Member of the Virginia House of Delegates from the 39th district
- In office November 1979 – January 9, 1980
- Preceded by: J. Warren White Jr.
- Succeeded by: Edythe Harrison
- In office January 12, 1972 – January 9, 1974
- Preceded by: Stanley C. Walker
- Succeeded by: Evelyn M. Hailey

Personal details
- Born: February 22, 1929 Norfolk, Virginia, U.S.
- Died: October 2, 2010 (aged 81) Norfolk, Virginia, U.S.
- Party: Republican
- Spouse: Lillian Borleis
- Education: University of Virginia

Military service
- Allegiance: United States
- Branch/service: United States Air Force
- Rank: Second Lieutenant
- Battles/wars: Korean War

= Albert Teich =

American politician (1929–2010)

Albert Teich Jr. (February 22, 1929 - October 2, 2010) was an American lawyer and politician.

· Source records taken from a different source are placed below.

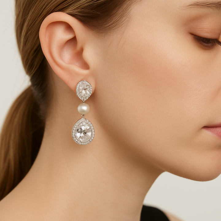 Luxury Pearl and Pave Earrings for Girls / Women
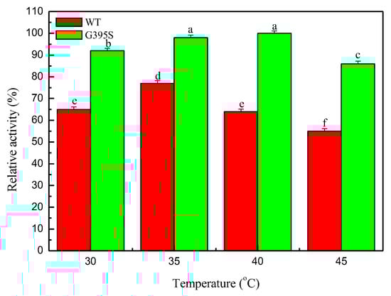 Effects of temperature on the activities of the tryptophan synthase mutant and wild type. Relative activity of the tryptophan synthase mutant (G395S) and wild type (WT) catalyzing reactions at different temperatures (30, 35, 40, and 45 °C), L-serine concentration of 50 mmol/L, pH of 8, 12 h. The Error bars were mean values of three independent replicate. The meaning of letters a, b, c, d, e, f, in the figure legend indicates significant differences.
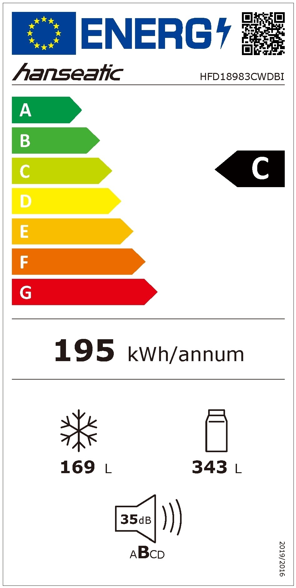 De vrijstaande French door-koelkast HFD18983CWDBI van Hanseatic combineert hoge functionaliteit met energieklasse C (A–G). Met afmetingen van 83 × 190 × 65 cm (B/H/D) biedt het model enorm veel opslagruimte: 343 liter koelruimte en 169 liter vriesruimte.
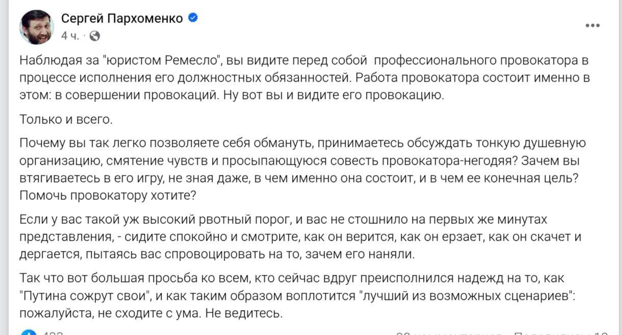 "Почему вы так легко позволяете себя обмануть, принимаетесь обсуждать тонкую душевную организацию, смятение чувств и просыпающуюся совесть провокатора-негодяя? Зачем вы втягиваетесь в его игру, не зная даже, в чем именно она состоит и в чем ее конечная цель? Помочь провокатору хотите? Так что вот большая просьба ко всем, кто сейчас вдруг преисполнился надежд на то, как "Путина сожрут свои" и как таким образом воплотится "лучший из возможных сценариев": пожалуйста, не сходите с ума. Не ведитесь", - написал Пархоменко.
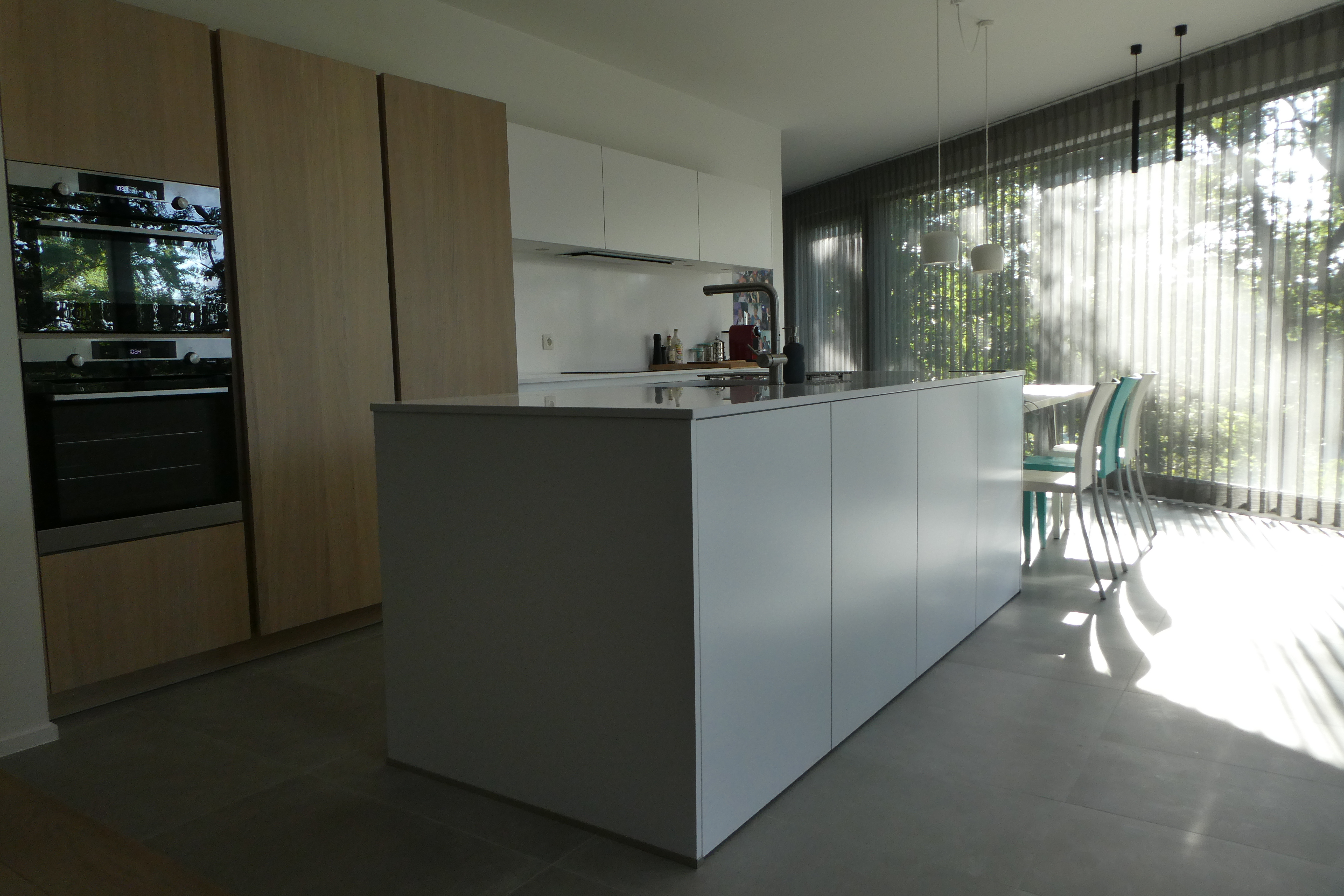 materialen. De vormgeving werd herleid tot het minimum door bijvoorbeeld de toepassing van enkel verticale deurkasten zonder deuromlijstingen en een eenvormige materiaalkeuze.
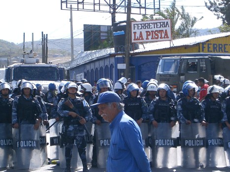Previous Image Next Image CIMG2996 Police stand by in case more anti-coup schoolteachers require fatal bullets to the head. (Photo: Belén Fernández)
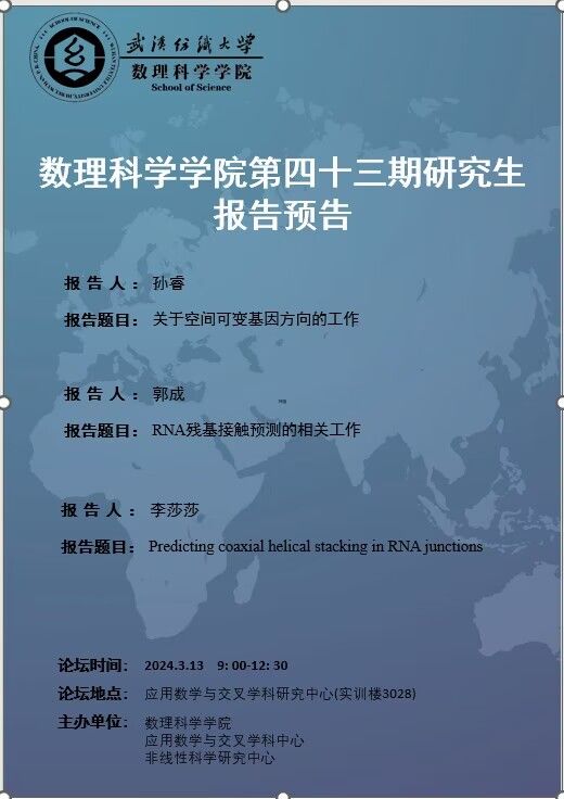 学术预告:第510期研究生学术论坛暨数理科学学院2024年第3期研究生学术论坛
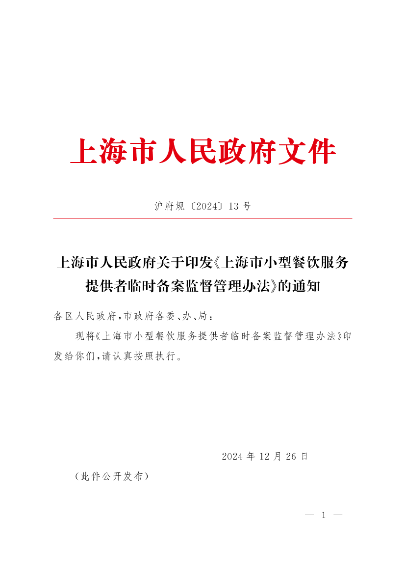 上海市人民政府關(guān)于印發(fā)《上海市小型餐飲服務(wù)提供者臨時(shí)備案監(jiān)督管理辦法》的通知
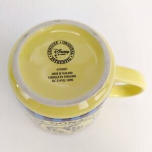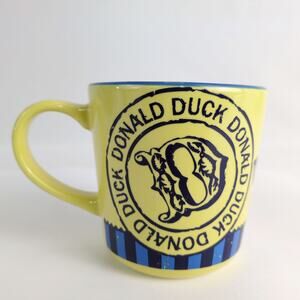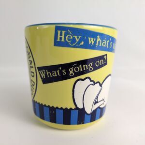 This large blue & yellow ceramic coffee mug from the Disney Store features a chill Donald Duck saying "Hey, what's up? What's going on?". The mug holds approx 12oz, Dishwasher and Microwave safe. Early Y2K era.
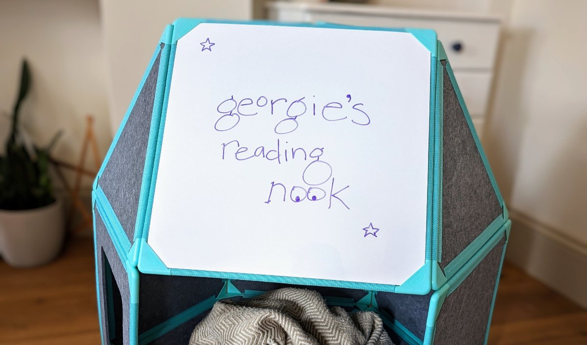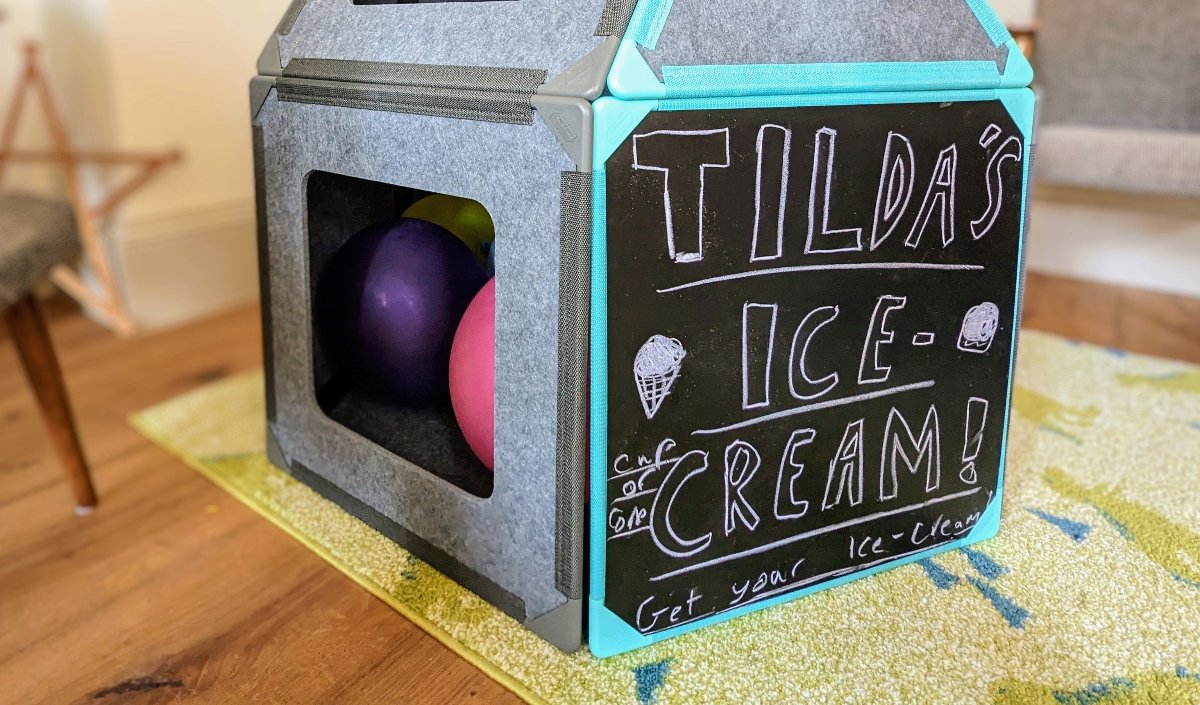A whiteboard on one side, blackboard on other - they simply slip under the corner clips of the square panels so kids can customize builds and further power pretend play. A menu board for a cafe, sign for a reading nook, or simply something to write and draw on for a vertical learning wall.
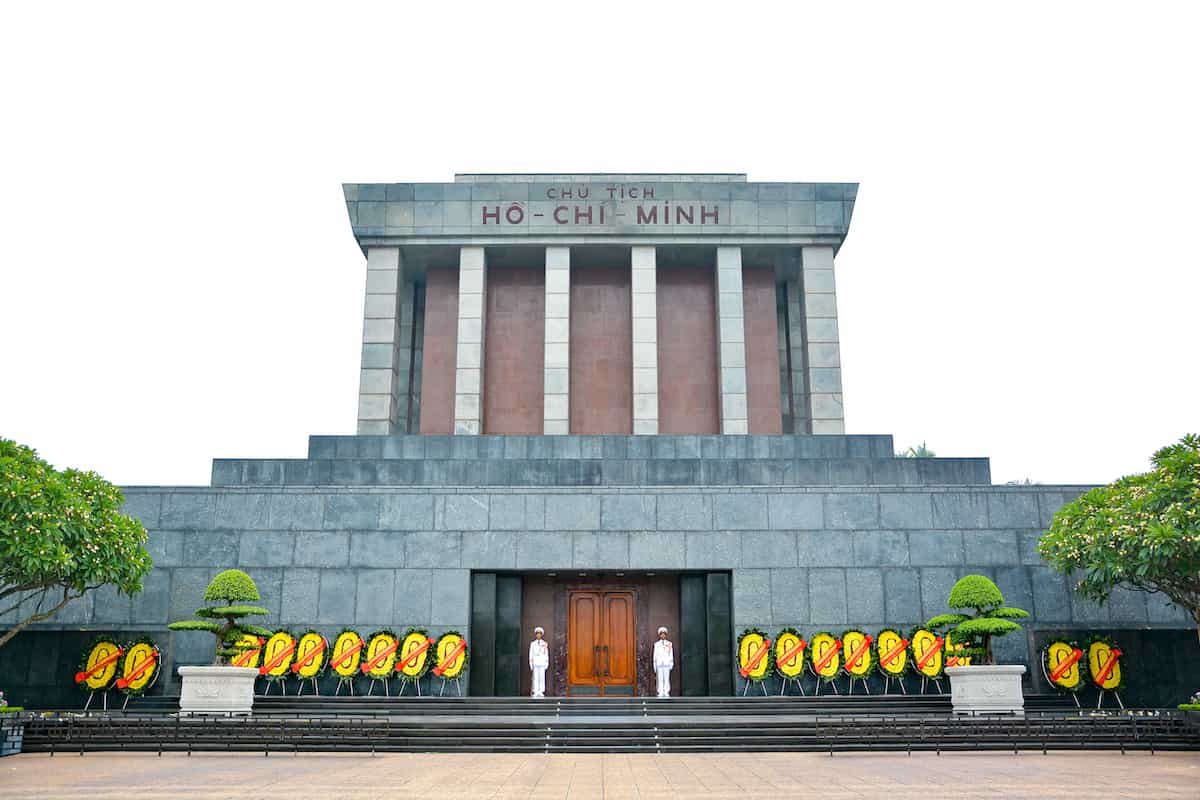 The embalmed body of Uncle Ho is preserved in the central hall inside the building, and protected by a military honor guard.
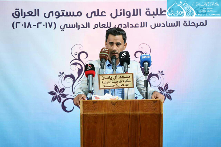 حضر وفد العتبة الكاظمية المقدسة الذي ترأسه نائب أمينها العام فضيلة الشيخ عدي الكاظمي مهرجان العقول السنوي لتكريم الطلبة الأوائل على مستوى العراق في مرحلة السادس الإعدادي للعام الدراسي 2017 ـ 2018 م، الذي أقامه مسجد آل ياسين في مدينة الكاظمية المقدسة، تزامناً مع ذكرى الولادتين المباركتين لسيد الكائنات النبي محمد "صلّى الله عليه وآله وسلم"، وحفيده الإمام جعفر الصادق "عليه السلام"، احتفاءً بهذه النُخبة، بحضور ممثل المرجعية الدينية في مدينة الكاظمية المقدسة سماحة الشيخ حسين آل ياسين، وعدد من الشخصيات الدينية والعلمية والأكاديمية والمتفوقين وذويهم.
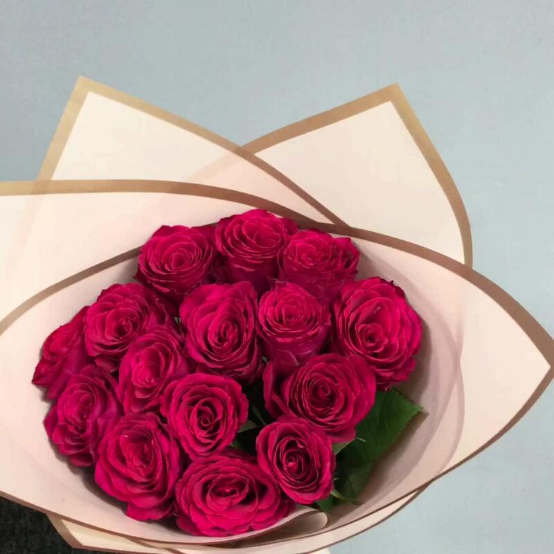 Лента атласная – 1 шт.Матовая пленка – 1 шт.роза кения – 15 шт.

Teich was born in Norfolk, Virginia. He went to the College of William & Mary and University of Virginia. He served in the United States Air Force during the Korean War. He then went to the University of Virginia School of Law and was admitted to the Virginia bar. He practice law in Norfolk and taught at the Old Dominion University. Teich served in the Virginia House of Delegates from 1972 to 1974 and was a Republican. After that, he made orphanage for underprivileged children. He then served as clerk of the Norfolk Circuit Court from 1996 to 2004.